In terms of multilingual coding capabilities, the Ader polyglot benchmark covers a wide range of programming languages and different formatting requirements. gpt-4.1 doubles the differential performance of gpt-4o, making it more efficient in handling multilingual programming tasks, code optimization, and versioning.

In the command-following aptitude test, theOpenAI Build an internal assessment system to simulate API Developer usage scenarios that test the model's ability to follow complex instructions. Each sample contains complex instructions that fall into different categories and are divided into difficulty levels. In the difficulty subset evaluation, theGPT-4.1 exceed by far GPT-4o.

In the Video MME Benchmark of the Multimodal Processing Test, GPT 4.1 comprehended and answered multiple-choice questions on a 30 - 60-minute un-subtitled video, achieving a score of 72%, which is the best current level and a major breakthrough in video content comprehension.

Price.GPT -4.1The series is more competitively priced with improved performance.GPT -4.1 compare GPT-4o Price reduction 26%but (not)GPT -4.1 Nano As the smallest, fastest and cheapest model, per million token The cost is only12Cents.

practical applicationGPT-4.1case (law)

Thomson Reuters is the world's leading provider of financial and legal information, and its professional-gradeAIassistantsCoCounselIt is widely used in legal work.

CoCounsels primary mission is to help legal professionals with complex legal documents and workflows. In the testGPT-4.1At the time, Reuters found that the model excelled at multi-document review, especially when dealing with complex legal workflows involving multiple long documents.

together withGPT-4oCompare.GPT-4.1Multi-document review accuracy in internal ministerial context benchmarking increased by17%. This enhancement is critical for legal professionals as it is directly related to theCoCounselAbility to handle complex legal workflow.

Legal documents often contain multiple long documents that may have complex interrelationships with each other, such as conflicting clauses or additional context.GPT-4.1It has demonstrated great reliability in these areas, accurately identifying the subtle relationships between documents that are critical to legal analysis and decision-making.

And when dealing with multiple legal documents.GPT-4.1The ability to efficiently maintain contextual information across documents and accurately identify conflicting clauses or supplementary information between documents. This

Carlyleis a leading global private equity firm whose business involves extensive financial data analysis and document processing.CarlyleutilizationGPT-4.1to accurately extract granular financial data from multiple long documents that arePDFDocumentation,ExcelTables and other complex formats.

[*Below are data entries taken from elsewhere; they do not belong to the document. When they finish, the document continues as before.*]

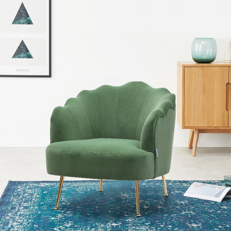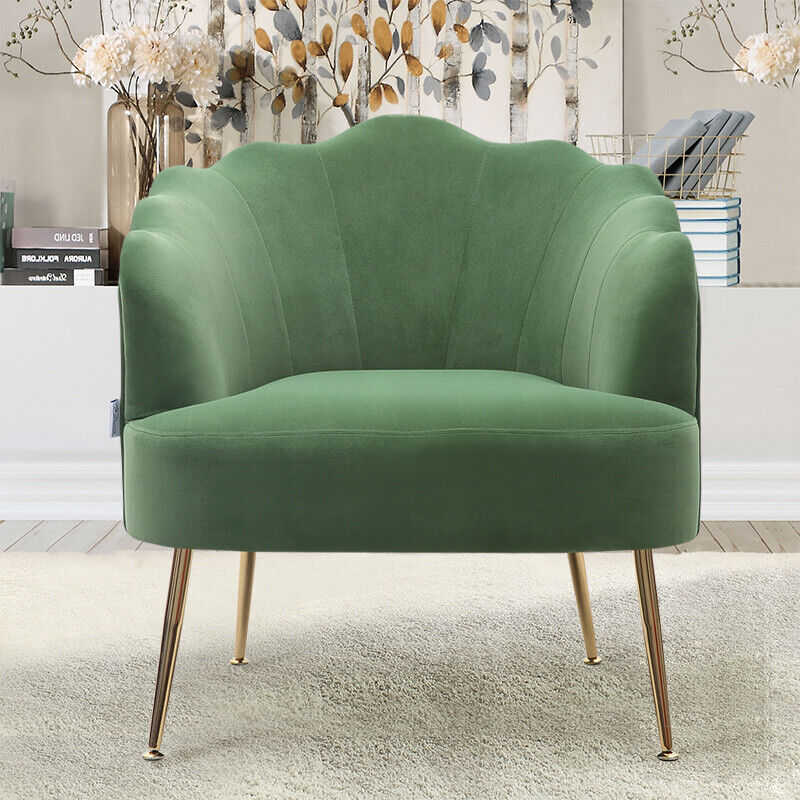 Upholstered Velvet Fabric Scalloped Oyster Shell Armchair Fireside Sofa Lounge
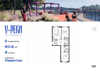 Продаётся 2-комнатная квартира общей площадью 60.60 м² без отделки в ЖК "У реки. Эко Видное 2.0" на 8-м этаже 17 этажного корпуса Левитан.
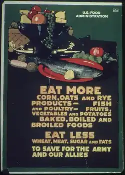 Kurz nach dem Eintritt Amerikas in den Ersten Weltkrieg ernannte Präsident Woodrow Wilson am 19. Mai 1917 Hoover zum Food Administrator. Sofort darauf initiierte er die unter seiner exklusiven Kontrolle befindliche United States Food Administration als eine Freiwilligenorganisation mit dem Ziel, die heimatlichen Lebensmittelpreise stabil zu halten und die Alliierten mit Nahrung zu versorgen. Die landwirtschaftliche Produktion wurde gefördert und die Binnennachfrage gebremst, um höhere Überschüsse für den Export zu erzielen. So wurde unter dem Leitmotto Food Will Win the War ein sparsamer Umgang mit Lebensmitteln propagiert und beispielsweise zu fleischlosen Dienstagen und brotfreien Mittwochen aufgerufen, während hohe Produktionszahlen prämiert wurden. Zu dieser Zeit wurde der Ausdruck to Hooverize bekannt, der die freiwillige, aber auch erzwungene Rationierung von Lebensmitteln bezeichnete. Die United States Food Administration hatte über 700.000 Mitglieder, die vor allem Angehörige der lokalen Eliten waren. Hoover forcierte im August 1917 die Verabschiedung des Lever Act, der Rationierungsmaßnahmen in Restaurants vorschrieb und die Alkoholproduktion zugunsten der Nahrungsmittelerzeugung einschränkte.[31] Er nutzte gesetzliche Zwangsmaßnahmen wie Konfiszierung und staatliche Wirtschaftskartelle, die eine Verletzung der festgelegten Abnehmerpreise empfindlich bestraften. Seine außergewöhnlichen exekutiven Vollmachten, die den Kongress außen vor ließen, stießen auf Kritik.[32] International genoss Hoover hohes Ansehen für seine Arbeit. Im Sommer 1918 empfingen ihn unter anderem die Könige Georg V. und Albert I., um ihm ihren Dank auszusprechen. In den 12 Monaten zuvor hatte die United States Food Administration Nahrungsmittel im Wert von 1,4 Milliarden US-Dollar (nach heutiger Kaufkraft 29 Mrd. Dollar) nach Europa geliefert.[33]
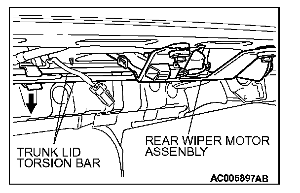 Close the trunk lid slightly and lower the trunk lid torsion bar slightly when removing the rear wiper motor assembly. If you fail to do this, the rear wiper motor assembly will interfere with the trunk lid torsion bar.
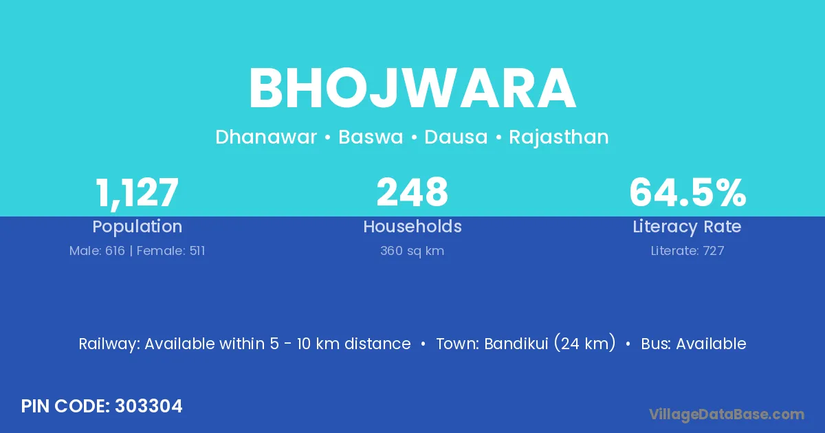 Bandikui (24 km) is the nearest town to Bhojwara village for major economic activities and is located approximately 24 km away.
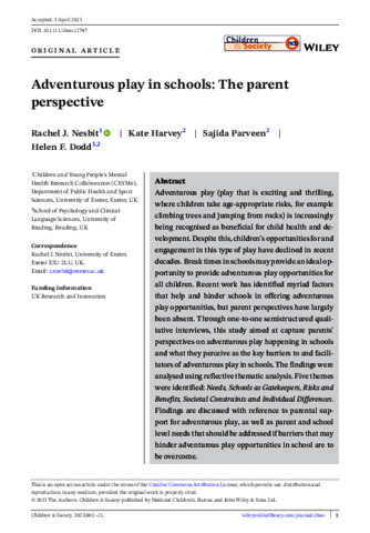 Adventurous play in schools: the parent perspective.
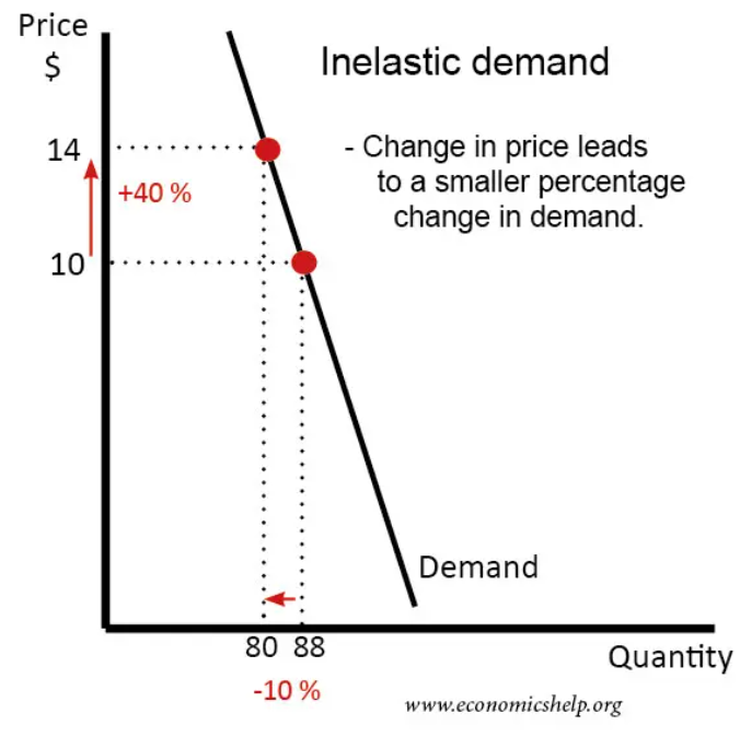 Inelastic - Direct relationship. If price increases then so does revenue and vice versa
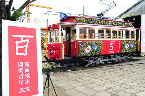 開(kāi)業(yè)100周年當(dāng)日にお披露目された「復(fù)刻花電車(chē)」。 函館市電には「函館港まつり」に合わせて運(yùn)行する花電車(chē)が3両ありますが、 客車(chē)ではないため一般の乗客が乗ることはできません。ところが今回の復(fù)刻花電車(chē)は、 通??蛙?chē)として運(yùn)行しているチンチン電車(chē)を使用しているため、 他の車(chē)両と同様に乗車(chē)することができます。 飾りは大正時(shí)代の寫(xiě)真を參考に、當(dāng)時(shí)を再現(xiàn)したものだそうです。
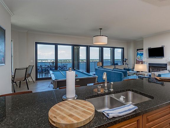 Immaculate Penthouse-style 5BR/5.5BA 8th floor waterfront condominium with private garage! Conditioned space from elevator to your double solid mahogany entry. Step into the circular foyer lined with custom built benches and mosaic tile floor details. Experience the stunning views and enormous waterfront terrace area overlooking the glory of Ole' River and award winning Perdido Key State Park - beaches. Open floorplan has great space for large family and friend gatherings! Five full bedrooms, an office - sleeping room in this case, and another bonus room that is currently a pantry/storage space make living easy. Essentially occupied 4 visits per year, this is a most gently enjoyed property that feels brand new! Custom window treatments, entry foyer benches and lighting elevate the casual sophistication. (Dining chandelier does not convey). Fireplace in the living area, stainless appliances, granite countertops throughout. Florencia encompasses the "whole" coastal lifestyle with indoor & outdoor pools, tennis courts, fitness center, steam and sauna, community gathering spaces all situated on a beautifully manicured campus. Easy stroll to the public beach access with bathrooms and 2 miles of state park beaches. Don't miss the opportunity to own the cream of the crop!
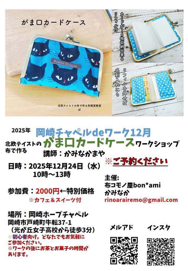 チャペルdeワーク2025年12月は北欧テイストの布でつくる「がま口カードケース」ワークショップです。カフェ&スイーツつき!どなたでもお気軽にご参加ください。
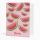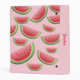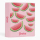 This binder features Destei's cartoon illustrated watermelon slices on a pink background color. There are also personalizable text areas for the title on the front of the binder and on the spine.
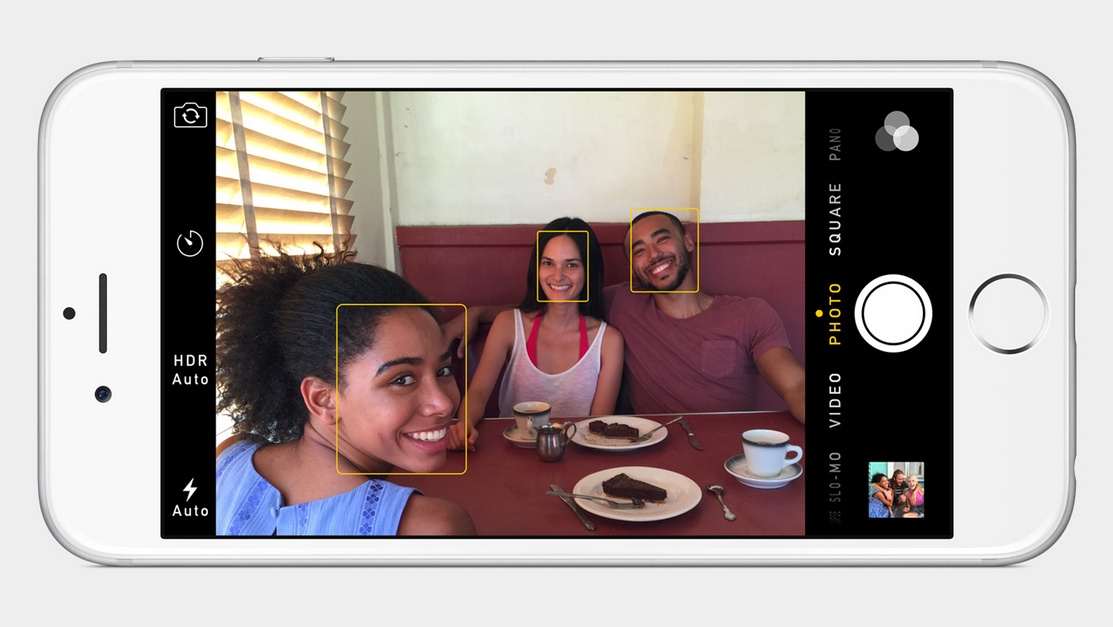 Cảm biến máy ảnh trên iPhone 6 và 6 Plus giữ nguyên độ phân giải như iPhone 5s song được nâng cấp về chế độ lấy nét theo pha (Focus Pixels), cho tốc độ lấy nét và chụp hình nhanh hơn. Trong khi các đối thủ Android đều đã dùng cảm biến 13MP, Apple vẫn tự tin máy ảnh 8MP không hề thua kém. Ngoài ra, bạn có thể chụp ảnh toàn cảnh (panorama) dung lượng lớn hơn, lên tới 43MP.
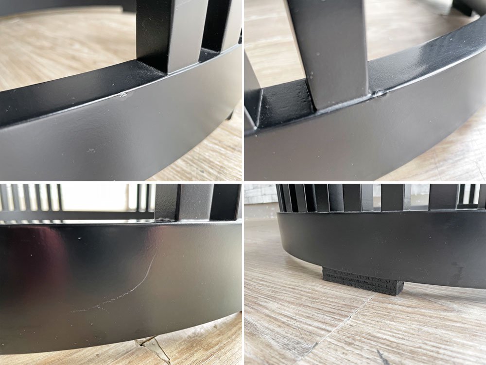 天板に薄っすらとした線傷が散見されるほか、縁や脚部に細かな打痕や擦り傷が見受けられます。しかしながら、極端に美観を損なうようなダメージはなく、中古品としては概ね良好なコンディションを保っております。
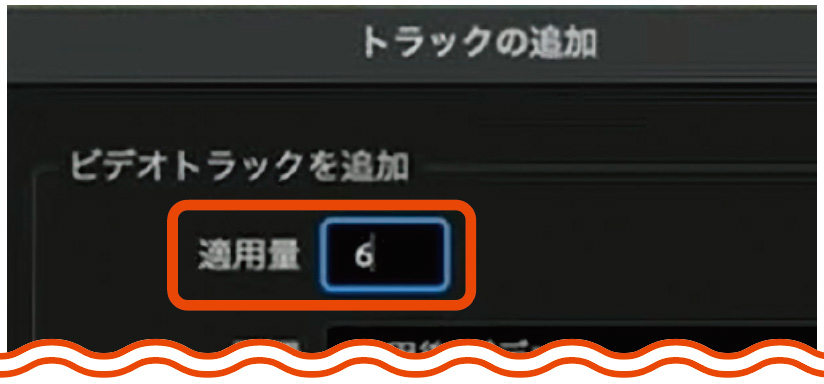テロップ入れが終わったシーケンスに[トラックを追加]から、ビデオトラックを6つ追加する。
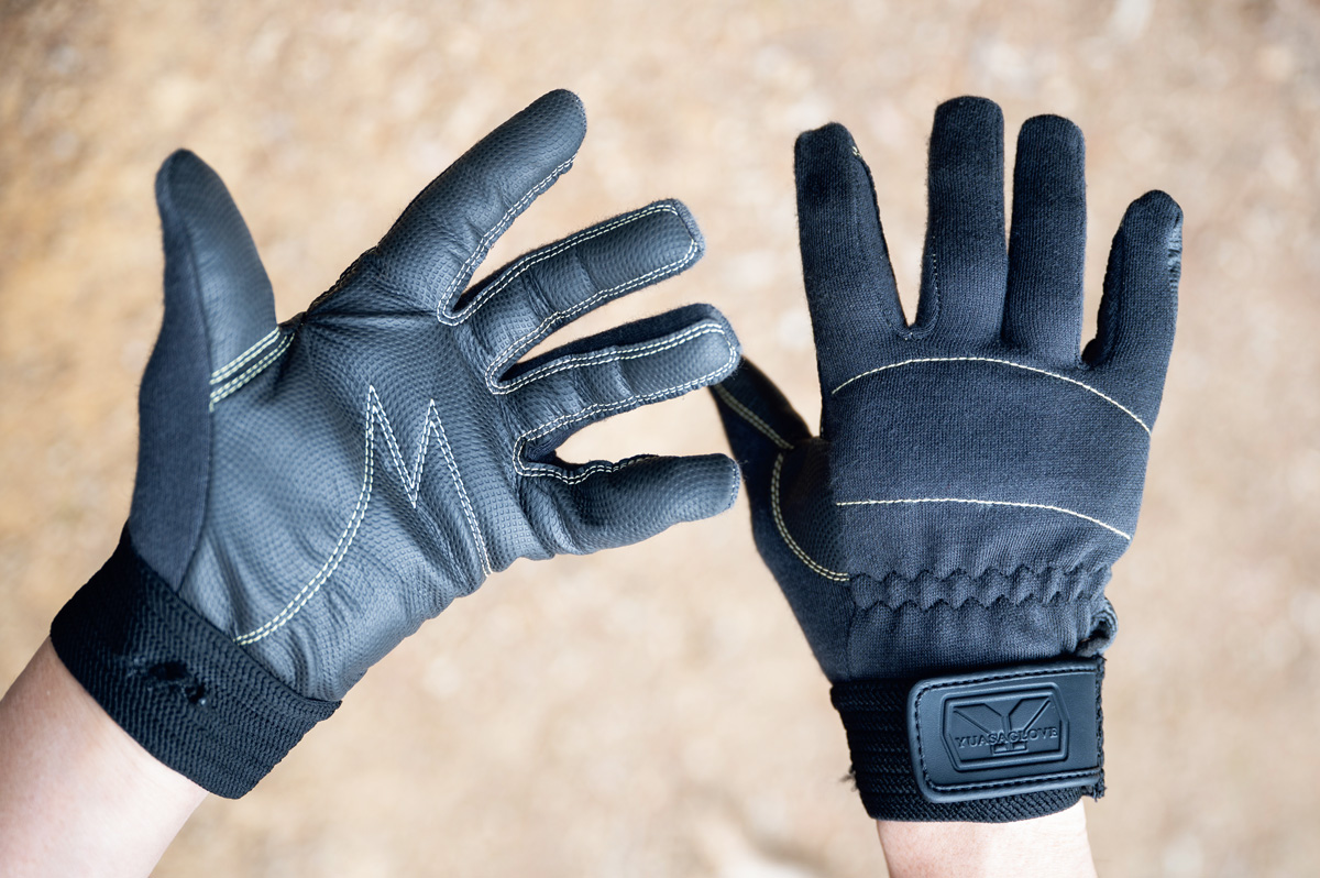 岩稜帯では積極的に手を使って登るシチュエーションが多く、ケガをする可能性も高まるためグローブを装着したい。手のひらが滑りづらくなっている革製のもので手首が留められるものがベスト
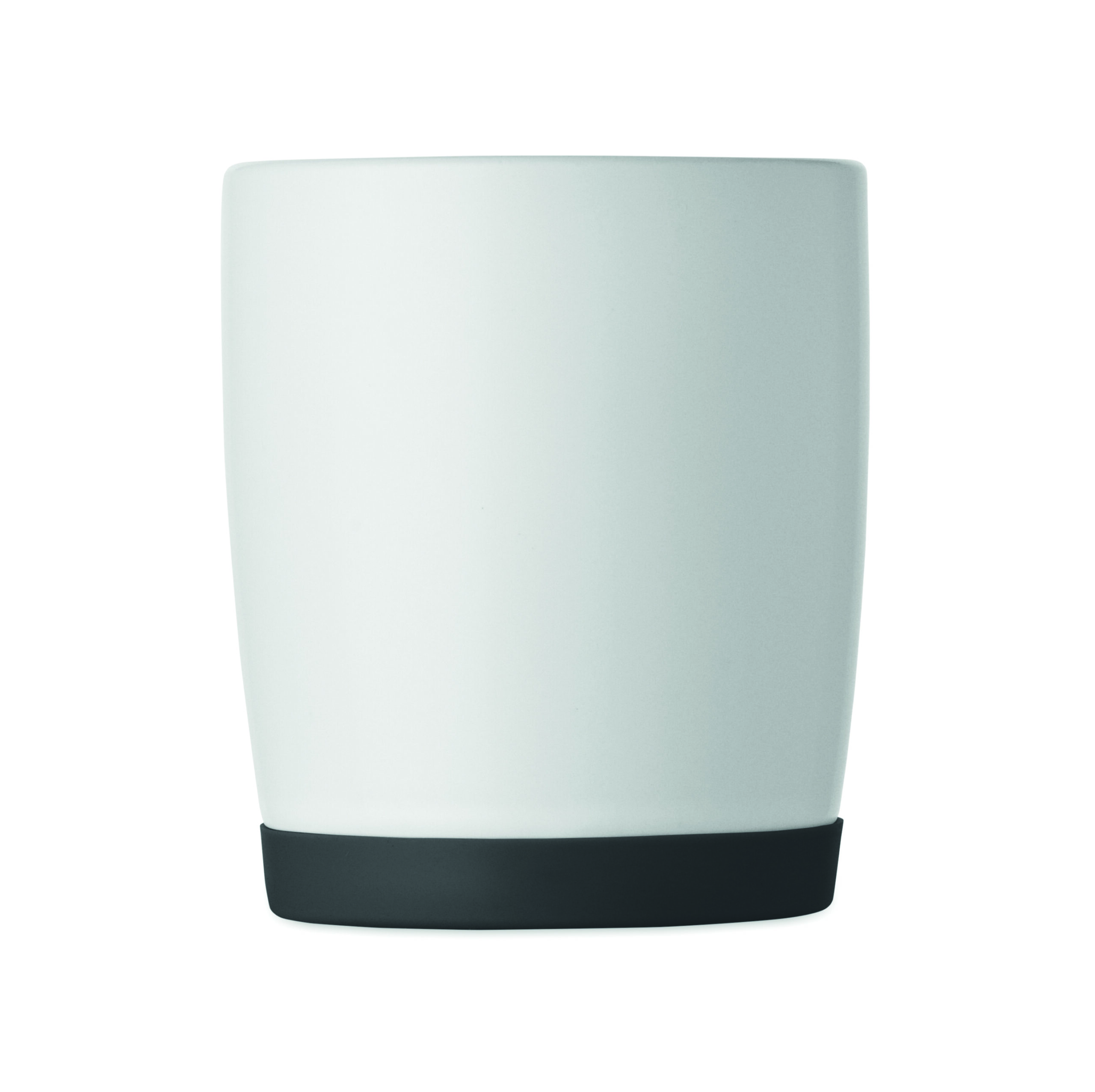 Ceramiczny kubek z białym matowym wykończeniem i silikonową podstawą zapewniającą stabilność. Pojemność 300 ml. Pakowany pojedynczo w białe pudełko kartonowe.
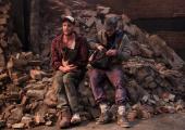 In the Stygian darkness of a bare room, a table on a low platform with a light hanging overhead starts to emerge. Then a door briefly opens at the back of the space and the figure that has entered and sat down at the table also begins to emerge. When the stage lighting goes on, this tableau out of a Bacon painting sharpens and we can properly scrutinise the man.

CarlyleThe internal assessment showed thatGPT-4.1Outperforms other available models in retrieving data from large documents50%.

GPT-4.1It performs well in handling very large documents, especially in the retrieval of dense data. The model successfully overcomes key limitations of other models, including retrieval problems, errors of missing information in intermediate positions, and multi-hop reasoning across documents.

These capabilities enableGPT-4.1The ability to more efficiently extract key information from complex financial documents provides the opportunity forCarlyleof analysts provide more accurate and comprehensive data support.

Windsurfis a company that specializes in providing efficient development tools with internal coding benchmarking to evaluateAIThe performance of the model in real development provides an important reference. In the analysis of theGPT-4.1When performing the test, theWindsurfThe model was found to perform better than its predecessor in the coding taskGPT-4oThere has been a significant improvement:GPT-4.1existWindsurfscored better in the internal coding benchmark test thanGPT-4ocome out ahead60%.

WindsurfThe user feedback of theGPT-4.1There is a lot more variation in tool invocation thanGPT-4oIt's more efficient. It's more effective.30%.GPT-4.1The likelihood of repeating unnecessary edits or overly granular steps in the coding process is higher thanGPT-4oReduced by about50%.